These will include giving head teachers new powers over the curriculum, hiring teachers and closing the attainment gap, as well as the establishment of ‘regional improvement collaboratives’ which will see councils share resources to support schools.

In a ministerial statement, Swinney ruled out Academy-style full autonomy for schools, as is seen in England.


Instead, councils will still act as employers and retain control of the number and location of schools, provide support services, and hire headteachers, while quango Education Scotland will have a “strengthened” inspection regime, he said.

But because the SNP does not command a majority in parliament, Swinney said the plans will need the support of opposition parties and stakeholders ahead of legislation in 2018.

There will also be further consultation on how the devolved funding is distributed fairly, he said.

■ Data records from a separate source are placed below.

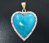 Украшение выполнено на заказ и представлено на сайте в качестве примера выполненных работ. Описание: Вашему вниманию предлагается комплект (серьги + кулон) из желтого золота 585 пробы с армянской бирюзой, амазонитами и розовыми сапфирами! Диаметр дополнительной инкрустации 1,5 мм и 2 мм. Вес комплекта 16,81 г. Серьги: площадка 16 х 16 мм. Вес пары 8,28 г. Кулон: размеры с петлей 40 х 27 мм. Вес 8,53 г. Ниже приводятся ювелирные характеристики вставок.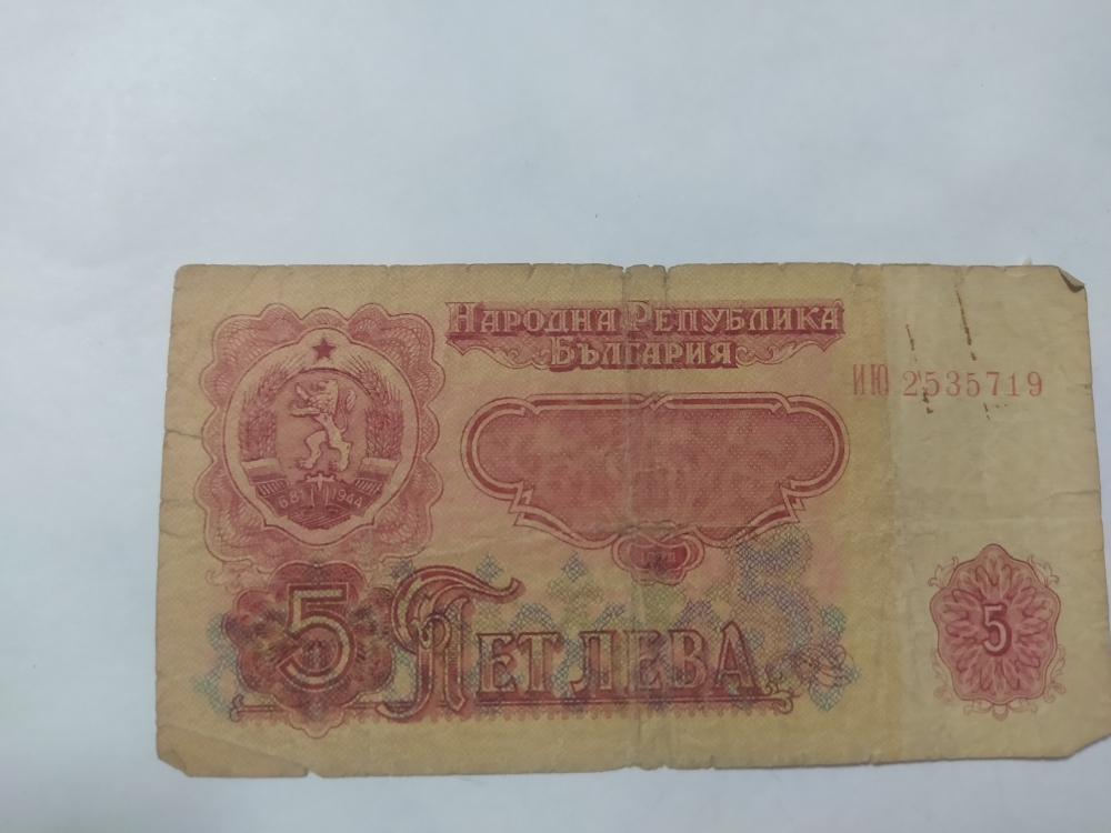купюра- 5 Лева, Болгария , серийный номер ШО 2535719,1974года выпуска . Купюра - это бумажный денежный знак определенного достоинства, используемый в качестве средства платежа. Банкнота — это вид денежного знака, печатный документ определенного номинала, выпускаемый центральным банком страны и имеющий обязательную платежную силу на её территории. Данная банкнота производилась на специализированных предприятиях Гознака, для печати использовали специальную бумагу ,изготовлена из хлопковых волокон ,что обеспечивало ей прочность и устойчивость к износу.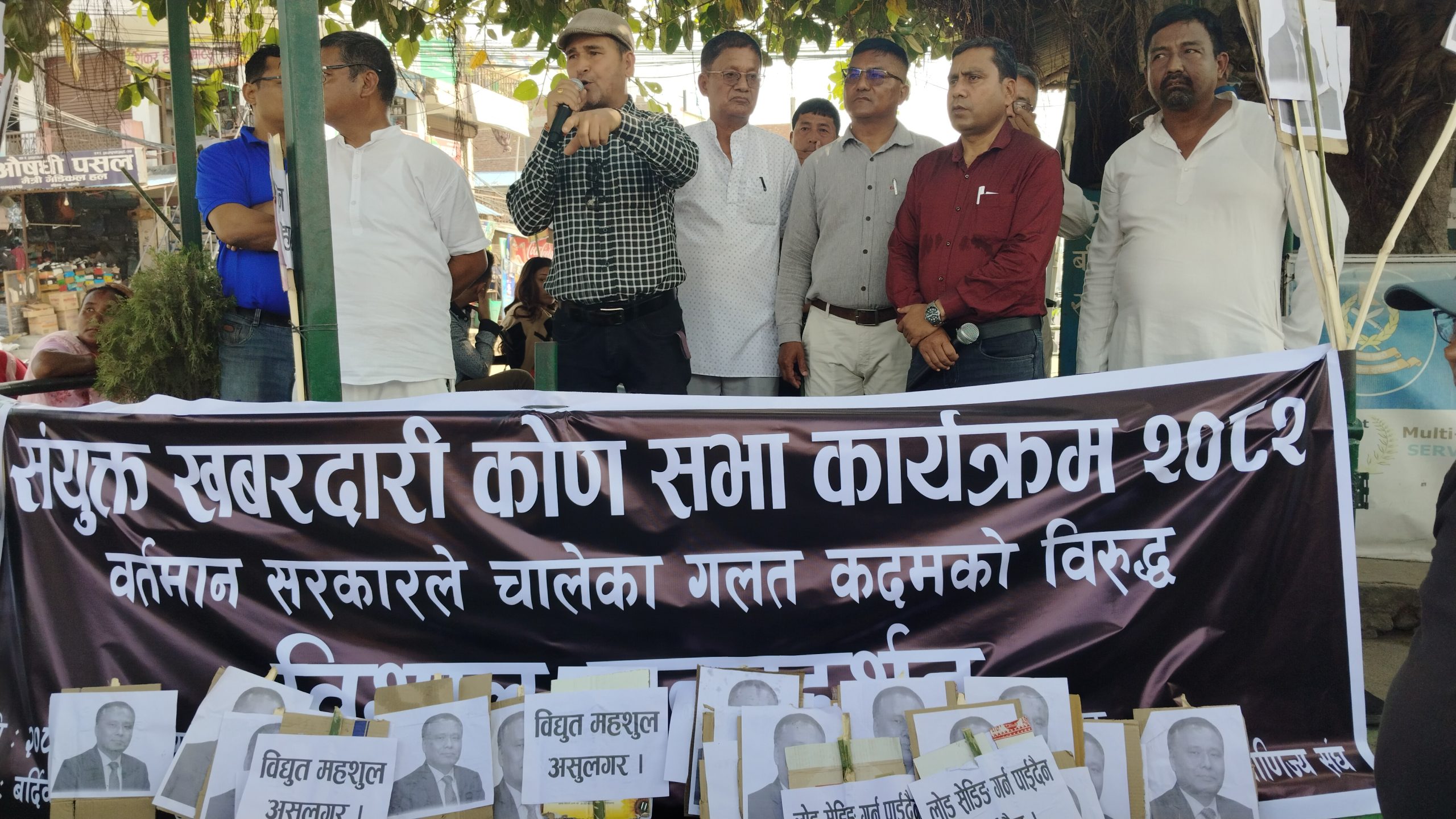कोणसभालाई सम्बोधन गर्दै बर्दिवास उद्याेग बाणिज्य संघका अध्यक्ष बिष्णु खड्काले सरकारको पक्ष-विपक्ष भन्दा पनि वेथितिका विरुद्ध खबरदारी भएको धारणा राखे कुलमानलाई हटाएदेखी अघोषित लोडसेडिङ भएको जिकिर गर्दै जनप्रतिनिधिहरुले जनताको पक्षमा काम गर्न नसकेको आरोप लगाए।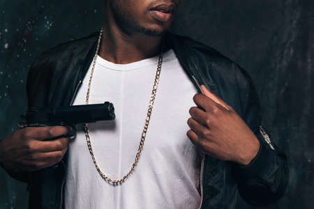 Unrecognizable black man threatens with a gun closeup studio shoot. Ghetto gangster with weapon on dark background. Outlaw, ghetto, murderer, robbery concept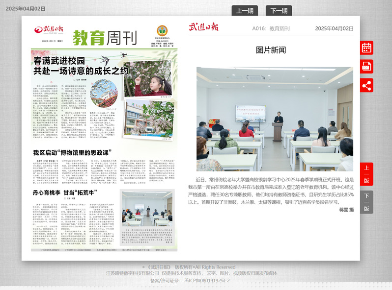 學(xué)雷鋒、做志愿、服務(wù)改革建新功——我校開展學(xué)雷鋒志愿服務(wù)月活動2025-04-07為深入貫徹落實(shí)習(xí)近平總書記關(guān)于弘揚(yáng)雷鋒精神的重要論述,深刻把握雷鋒精神的時(shí)代內(nèi)涵,引領(lǐng)常紡青年在志愿服務(wù)實(shí)踐中大力弘揚(yáng)“奉獻(xiàn)、友愛、互助、進(jìn)步”的志愿服務(wù)精神,今年3月,以“學(xué)雷鋒、做志愿、服務(wù)改革建新功”為主題,系統(tǒng)部署開展2025年“學(xué)雷鋒”志愿活動月專項(xiàng)活動。通過組織全校師生開展30余場主題鮮明、形...省委第十巡視組巡視常州紡織服裝職業(yè)技術(shù)學(xué)院黨委工作動員會召開2025-04-04根據(jù)省委關(guān)于巡視工作的統(tǒng)一部署,2025年4月2日,省委第十巡視組巡視常州紡織服裝職業(yè)技術(shù)學(xué)院黨委工作動員會召開。省委第十巡視組組長李圣華作了動員講話,對深入學(xué)習(xí)貫徹習(xí)近平總書記關(guān)于巡視工作的重要論述、關(guān)于教育的重要論述和對江蘇工作的重要講話精神,認(rèn)真貫徹落實(shí)全省巡視巡察工作會議暨對村巡察工作推進(jìn)會、省委...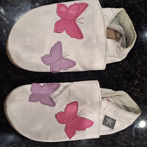 Kerran käytetyt jumppa-/sisätossut sukkavarrella ja yksisarviskuvalla.
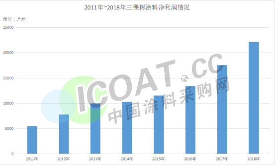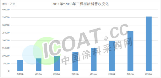 据涂料采购网消息,近日,国内民营涂料企业第一股三棵树股份,作为中国建筑涂料行业的引领者,在2018年发展迅猛,取得了众多成就。经济上保持高速增长态势、收入及利润三年时间实现翻番,2018实现营业收入35.61亿元,较上年同期增长35.96%,净利润达2.22亿元,较上年同期增长25.97%。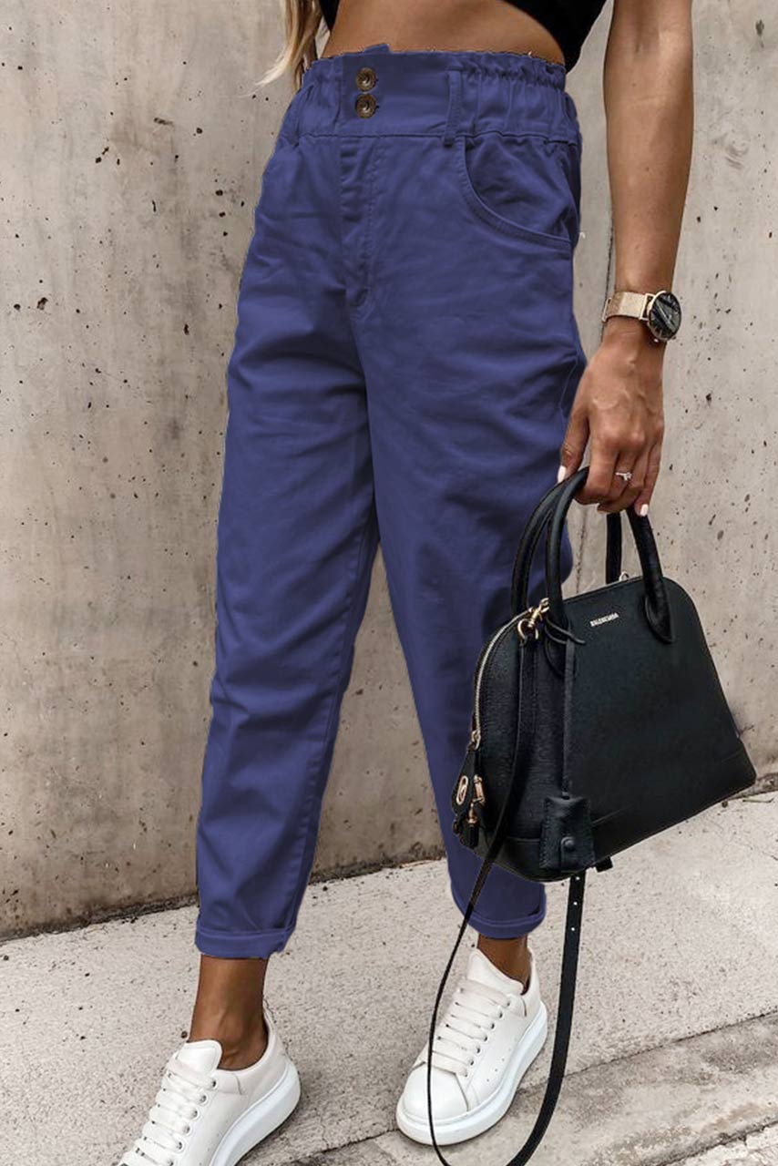 • Ankle cut παντελόνι | Λάστιχο στη μέση | Τσέπες | Φερμουάρ και κουμπί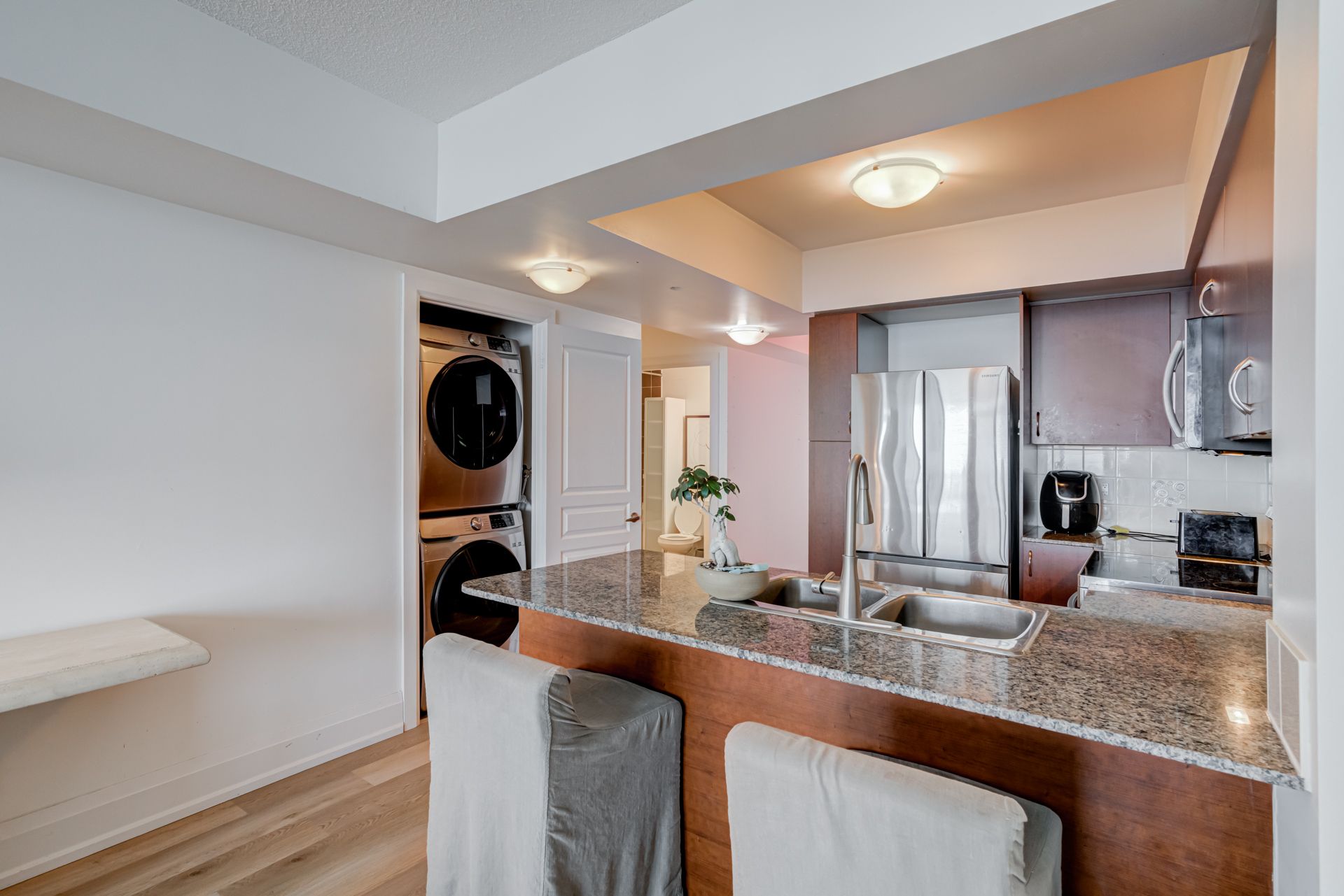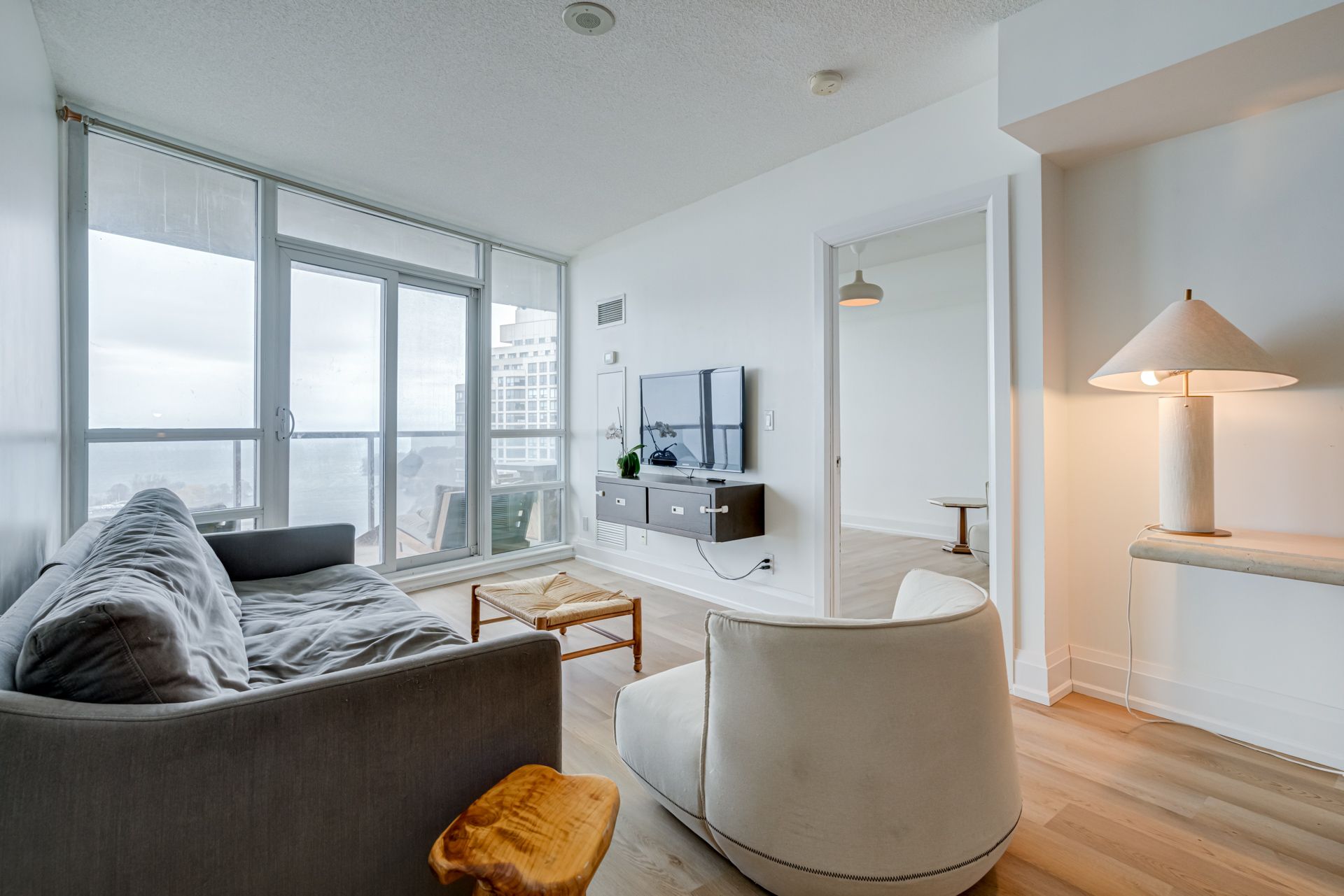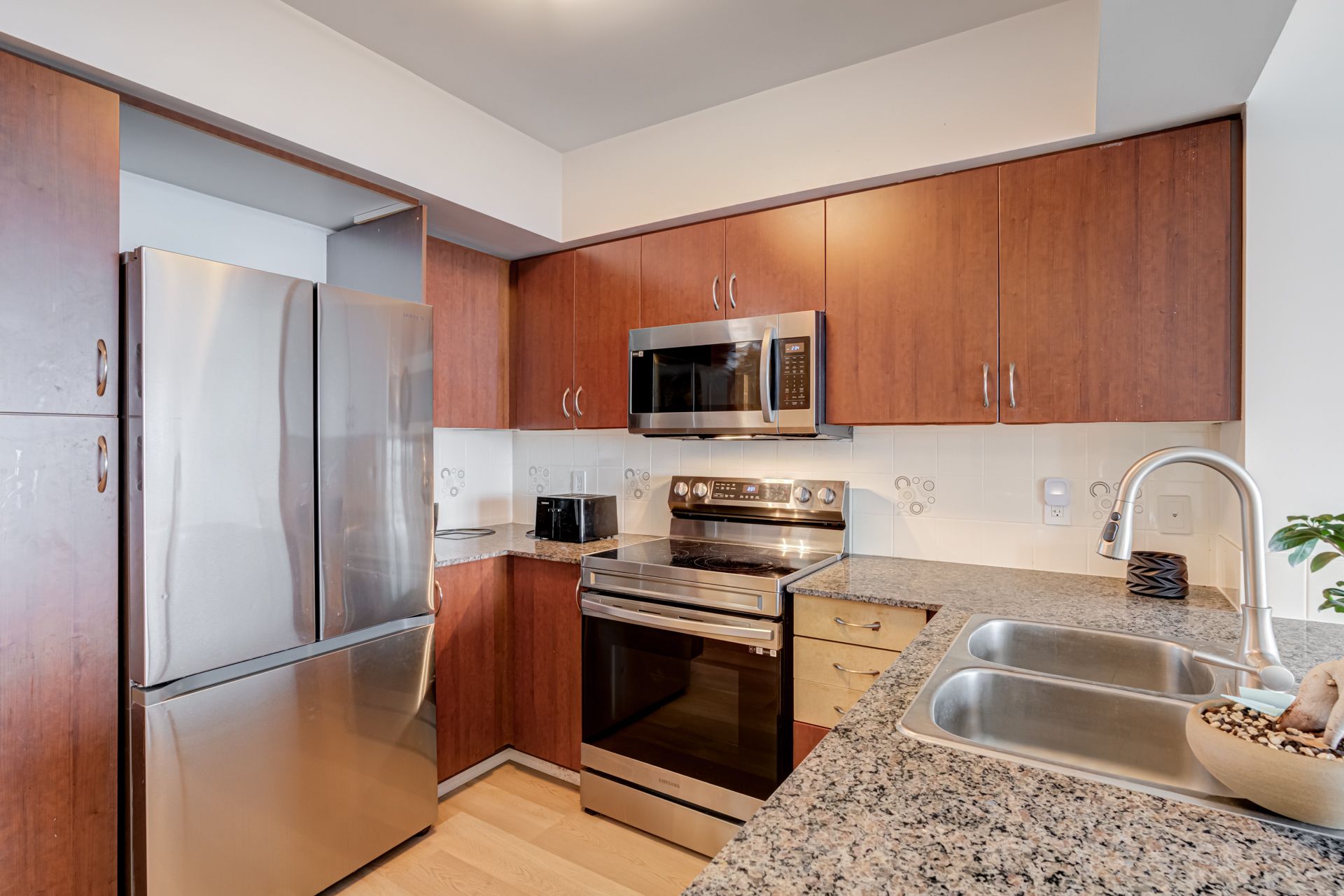 Bright & Spacious 1+Den Condo With 1 Bath In A Highly Sought-After Location! Functional Layout With Open Concept Living/Dining Area & Floor-To-Ceiling Windows Offering Breathtaking Views. Walk Out To A Beautiful Balcony With Gorgeous Lake & Sky Line Views- Perfect For Morning Coffee Or Evening Sunsets. Spacious Kitchen With 1 Year Old Stainless Steel Appliances & Ample Cabinet Space. Custom California Closets In Principle Bedroom & Front Hall. Large Den Perfect For Home Office Or Guest Space. Conveniently Located Steps To Transit, Shops, Restaurants, & The Waterfront. Enjoy Urban Living At Its Finest! Landlord Will Replace Damaged Kitchen Drawer Fronts.

“It is clear that the reforms that I have set out today cannot be delivered by Government alone. They will require partnership working, shared effort and real focus on delivering change in every part of the system,” he said.

He added: “At the heart of all our reforms is a simple plan. We will free our teachers to teach; we will put new powers in the hands of our headteachers; we will ensure that parents, families and communities play a bigger role in school life and in their children’s learning; and we will all—Government, councils and agencies—support our schools to do what they do best: transform the life chances of our children.”

Teaching union the EIS cautiously welcomed the proposals. General Secretary Larry Flanagan said they would be a “major piece of work” with wide implications.

“Whilst the precise composition of collaborative regional structures requires further clarification, we welcome the Deputy First Minister’s emphasis that these are intended to form a support structure to allow for the sharing of skills and knowledge rather than an additional bureaucratic layer in between local authorities and the Scottish Government,” he said.

The union “remains to be convinced” about the need for changes to standards body the General Teaching Council, but welcomed the fact local authorities will remain the employer of all teachers.

Flanagan said: “While it is early in the process, this Review provides an opportunity for a more constructive and consensual approach to education to be re-established which would be a positive step for schools, teachers and pupils.”

The Scottish Parent Teacher Council welcomed a commitment for schools to engage with parents in their improvement work.

However, councils umbrella body COSLA reacted furiously, accusing Swinney of removing democratic accountability from the school system.

A spokesman said: “There can be no getting away from the fact that the Scottish Government is trying to give the impression that Scotland’s councils still have a role to play in the delivery of education when the reality is that they do not; the simple truth is that there will be no meaningful local democratic accountability for education in Scotland.

“This is concerning in every way but particularly that today we have seen the Scottish Government fundamentally ignoring the whole system approach.  This will be of most detriment to the most vulnerable.”